Afirma Berdiaiev: "los rusos, cuando expresan más claramente los rasgos peculiares de su pueblo, son apocalípticos o nihilistas". No pueden permanecer en el punto medio, "su espíritu se precipita hacia el fin y el límite... Un pueblo con un alma así difícilmente puede ser feliz en su historia. El apocalipticismo y el nihilismo, desde extremos opuestos, religioso y ateo, rechazan igualmente la cultura y la historia como caminos comunes". Por eso Dostoievski profundizó "desde lo espiritual hasta lo moral" descubriendo las "lejanías, las profundidades del espíritu". Dostoievski descubre una "naturaleza volcánica. En su obra acontece la erupción de los volcanes subterráneos del espíritu humano". Berdiaiev ignora, desprecia, la interpretación psicoanalítica, absolutamente necesaria, para entender a Dostoievski, aunque sea parcialmente. Esa naturaleza apasionada del novelista, que el propio Dostoievski reconoció: "mi naturaleza es baja y demasiado apasionada. Dondequiera y en toda cosa, llego hasta el último término, toda mi vida he traspasado los límites", y que Berdiaiev sintetiza: "fue una personalidad ardiente: consumida por la pasión espiritual interior, su alma estaba en llamas. Y desde las llamas infernales su alma asciende hacia la luz. Todos los personajes de Dostoievski son él mismo, su propio camino, diferentes aspectos de su ser, sus suplicios, sus preguntas, su experiencia dolorosa". Por eso, continúa Berdiaiev, no hay épica en su obra, y aquí lo compara con Tolstoi. Adelantándose a la sesgada y atrabiliaria descalificación de Nabokov que colocó a Dostoievski entre los malos escritores, sentencia Berdiaiev: "las novelas de Dostoievski no son auténticas novelas, son tragedias, pero tragedias de un género especial. Es la tragedia interior del destino humano único... que se descubre sólo desde distintos aspectos en diferentes momentos de su camino". Por eso Dostoievski "tuvo el don de comprender al hombre en su movilidad apasionada, turbulenta y exaltada".

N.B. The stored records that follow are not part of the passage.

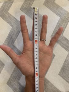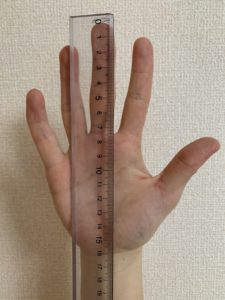 サイズ感(指先に余裕あり。9号が適正サイズ)
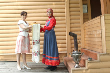 У порога местного музея дымился самовар, а хозяйка его, Сысоева Елена Сергеевна, встречала гостей хлебом-солью.
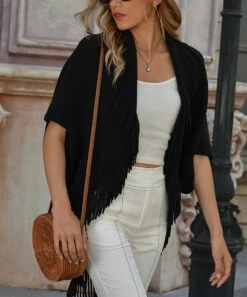 Update your closet with the basics you need with this black cardigan that features a fringe design, a must-have classic.
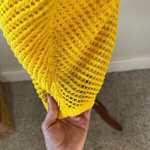 Round neckline. Fully lined. Pull-on styling. Midweight open crochet fabric.
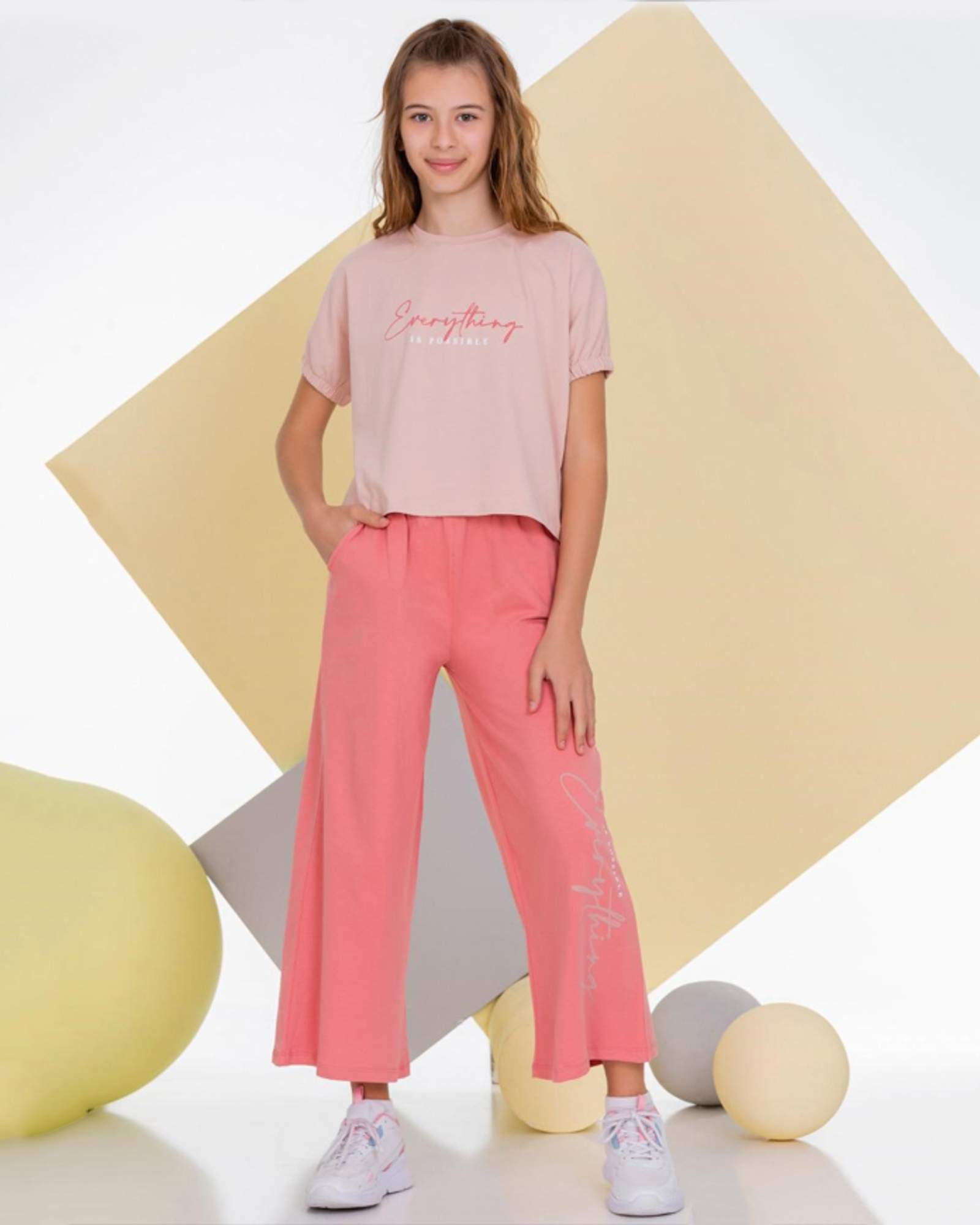 Стильный костюм Smile для девочки оптом. Укороченная футболка свободного кроя оформлена принтом. Рукава присборены резинкой. Широкие брюки с боковыми карманами и защипами на поясе создают модный образ. Костюм Smile для девочки оптом, выполнен из трикотажа кулирка.
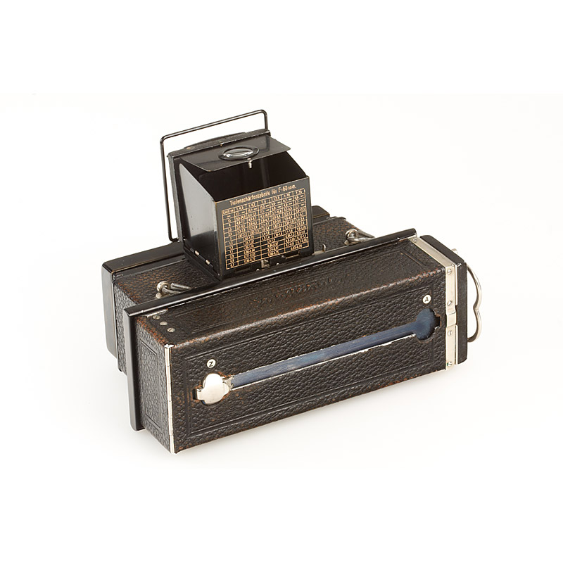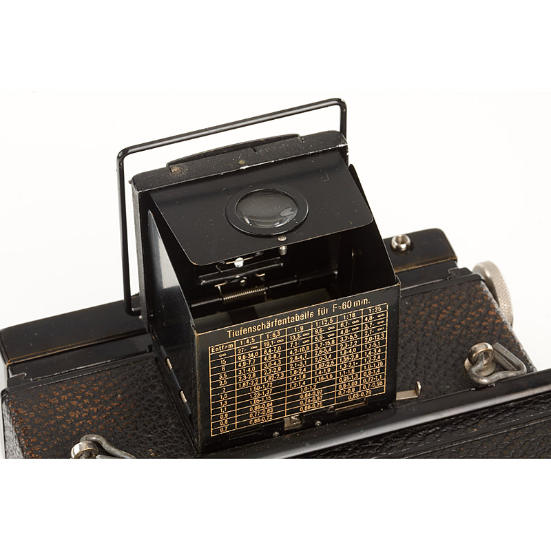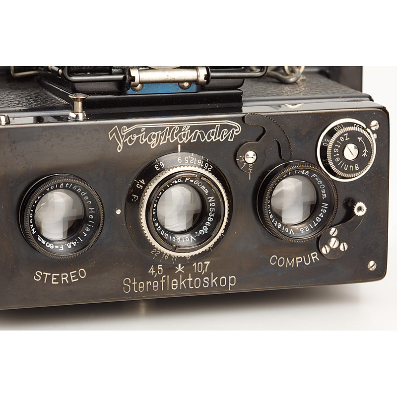 4.5x10.7cm, third type, with a pair of Heliar 4.5/60mm lenses nos.497122/3, Heliar viewing lens no.538650, slow shutter, caps, magazine back, strap, case
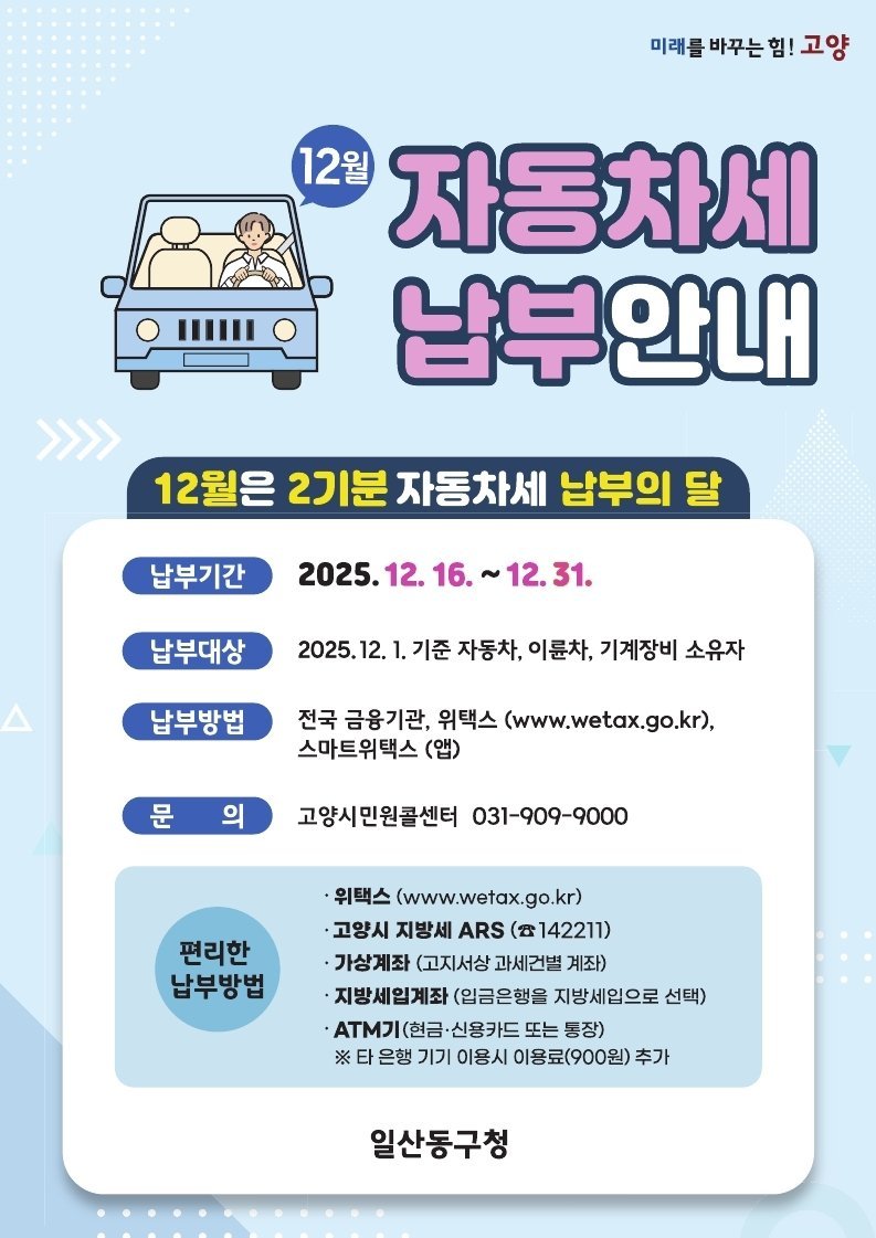 [한국Q뉴스] 고양특례시 일산동구는 2025년 제2기분 자동차세 총 6만9572건, 약 115억 원을 부과하고, 지난 12일 고지서를 발송했다고 밝혔다.

 A continuación, tras una comparativa entre Tolstói y Dostoievski en detrimento del primero, a todas luces injusto y tendencioso, se plantea si Dostoievski es realista. Y responde que no, su arte no surge de la realidad empírica, sino de la profunda, espiritual, metafísica. Esto es muy importante. Sabemos, y hablo yo, no Berdiaiev, que Dostoievski tomaba los sucesos truculentos de los diarios y sobre ellos levantaba historias de personajes encerrados en espacios angostos en conflicto permanente, o, más bien, en anhelos continuos. Cuando me he referido arriba a mi perplejidad por la legión de seguidores de Dostoievski no me cabe duda de que son buscadores del realismo truculento de sus novelas, de los crímenes y las tramas, algo que existe, sin duda, pero que no constituye el gran arte del narrador moscovita. ¿A quién le importa saber quién mató a Shatov o Fiodor Pavlovich Karamazov? Bueno, si realmente eso es lo que interesa al lector, se ha equivocado de autor. Debería dirigirse a Agatha Christie, "la Reina del Crimen". Así lo explica Berdiaiev: "(para Dostoievski) la realidad son las relaciones del hombre con Dios, del hombre con el diablo; la realidad son las ideas por las que vive el hombre".

 "El desdoblamiento del espíritu" es el tema esencial de todas las novelas de Dostoievski, concibe Berdiaiev. Y está relacionado con "el tormento religioso", la búsqueda de salvación, de un pueblo ruso que no tuvo Renacimiento, dice Berdiaiev. Berdiaiev descalifica el humanismo por superficial: "el humanismo pierde al hombre. El hombre renace si cree en Dios. La fe en el hombre es la fe en Cristo, en el Dios-Hombre". Aprovechará Berdiaiev en capítulos para desarrollar esta tesis: el humanismo es inmanentista, niega el poder de Dios y conduce al Hombre-Dios, por ejemplo en su versión Nietzsche o en la profecía revolucionaria. Pero sin Dios no hay hombre. De ahí que los personajes de sus grandes novelas ("Los demonios", "Los hermanos Karamazov") caminen con la angustia de un mundo sin Dios.

 Los siguientes capítulos de "El espíritu de Dostoievski" de Nikolai Berdiaiev se titulan: "El hombre", "La libertad", "El mal", "El amor", "La revolución y el socialismo", "Rusia", "El Gran Inquisidor: Dios-Hombre y hombre-dios", "Dostoievski y nosotros".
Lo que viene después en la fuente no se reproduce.